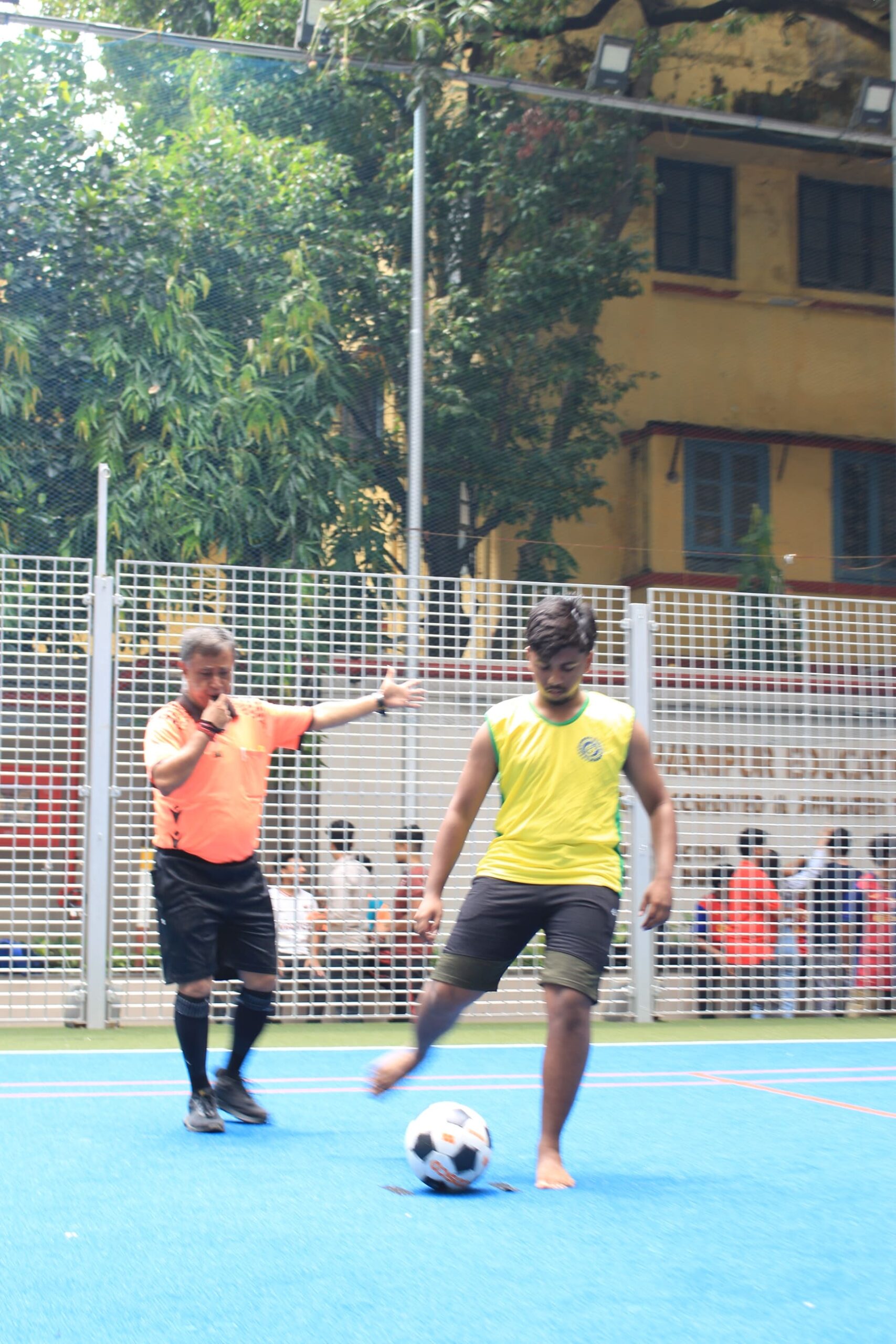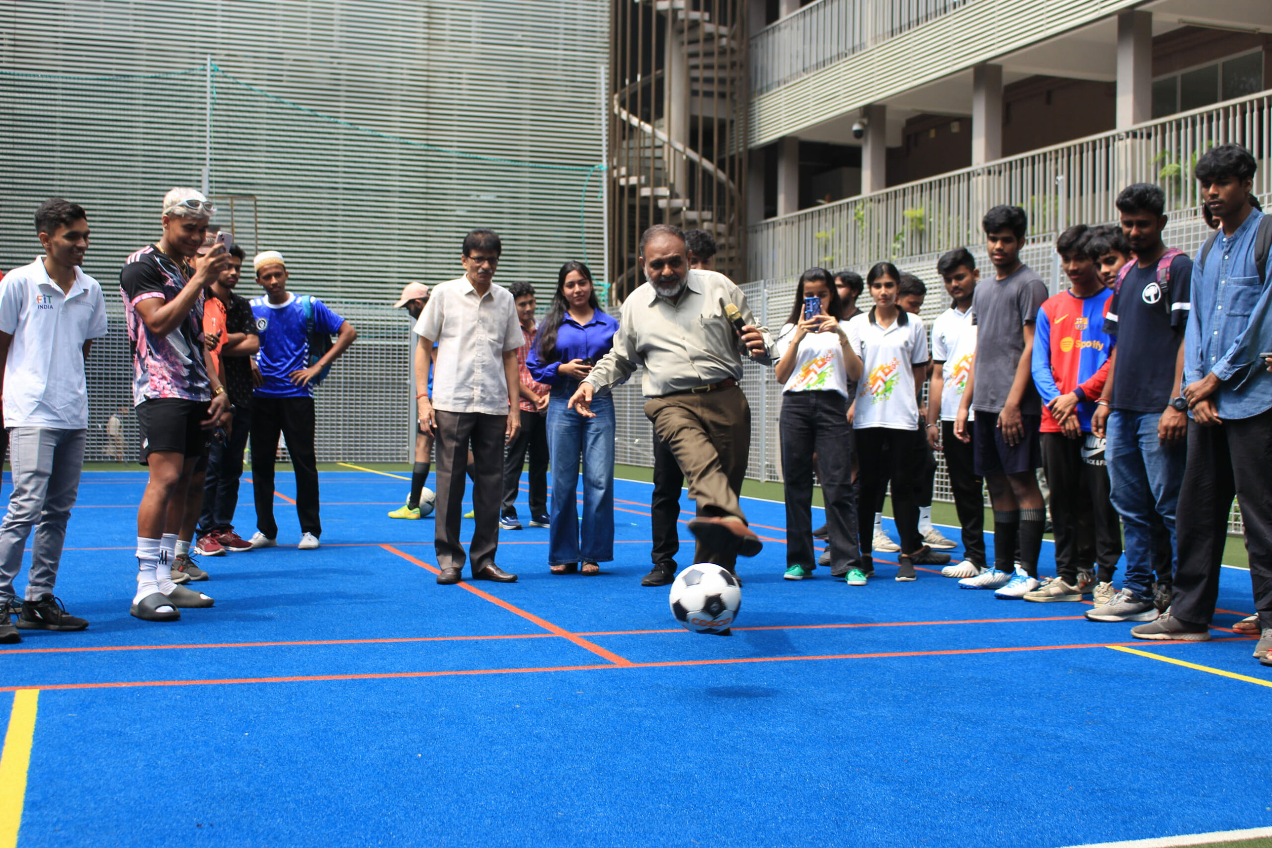The day commenced with a speech from the organisers, followed by a few words from the Rector and Dean of Student Affairs, Prof. Dilip Shah, and BESC’s Joint Secretary, Mr. Jitendra Shah. They all spoke about the greatness of football and the importance of sports in our lives — whether for fitness or for pure fun. The event officially began with Prof. Shah taking the opening penalty kick, scoring a goal on his first try.
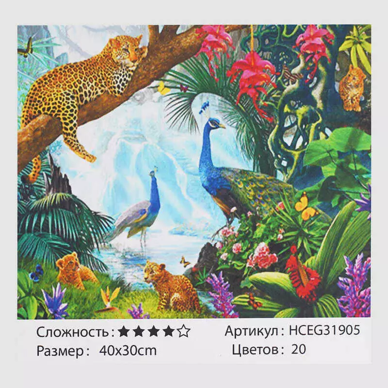 Картини за номерами HCEG 31905 (30) ""TK Group"", ""Леопарди та пави"", 40*30см, в коробці
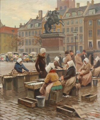 | Fishermen's wives selling fish at Højbro Plads, Copenhagen. | |
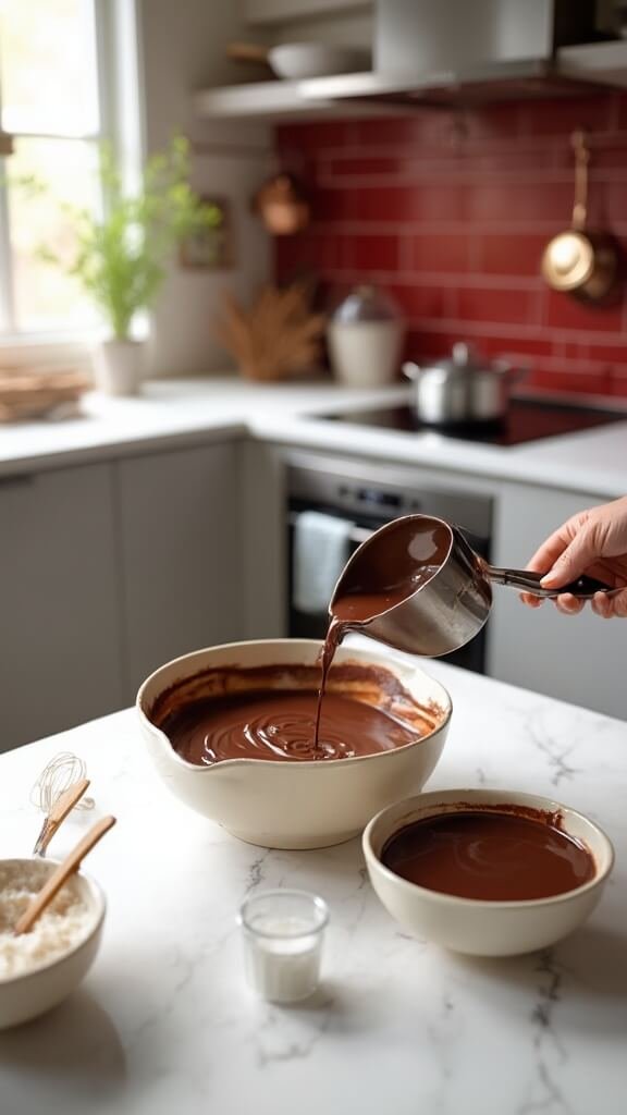 - Pour hot cream over melted chocolate mixture and let sit for 2 minutes.

> **Problem to solve**: The result should be an exact copy of the material, containing no pictures.

> **Solution for this task**:
The day commenced with a speech from the organisers, followed by a few words from the Rector and Dean of Student Affairs, Prof. Dilip Shah, and BESC’s Joint Secretary, Mr. Jitendra Shah. They all spoke about the greatness of football and the importance of sports in our lives — whether for fitness or for pure fun. The event officially began with Prof. Shah taking the opening penalty kick, scoring a goal on his first try.
 Картини за номерами HCEG 31905 (30) ""TK Group"", ""Леопарди та пави"", 40*30см, в коробці
 | Fishermen's wives selling fish at Højbro Plads, Copenhagen. | |
 - Pour hot cream over melted chocolate mixture and let sit for 2 minutes.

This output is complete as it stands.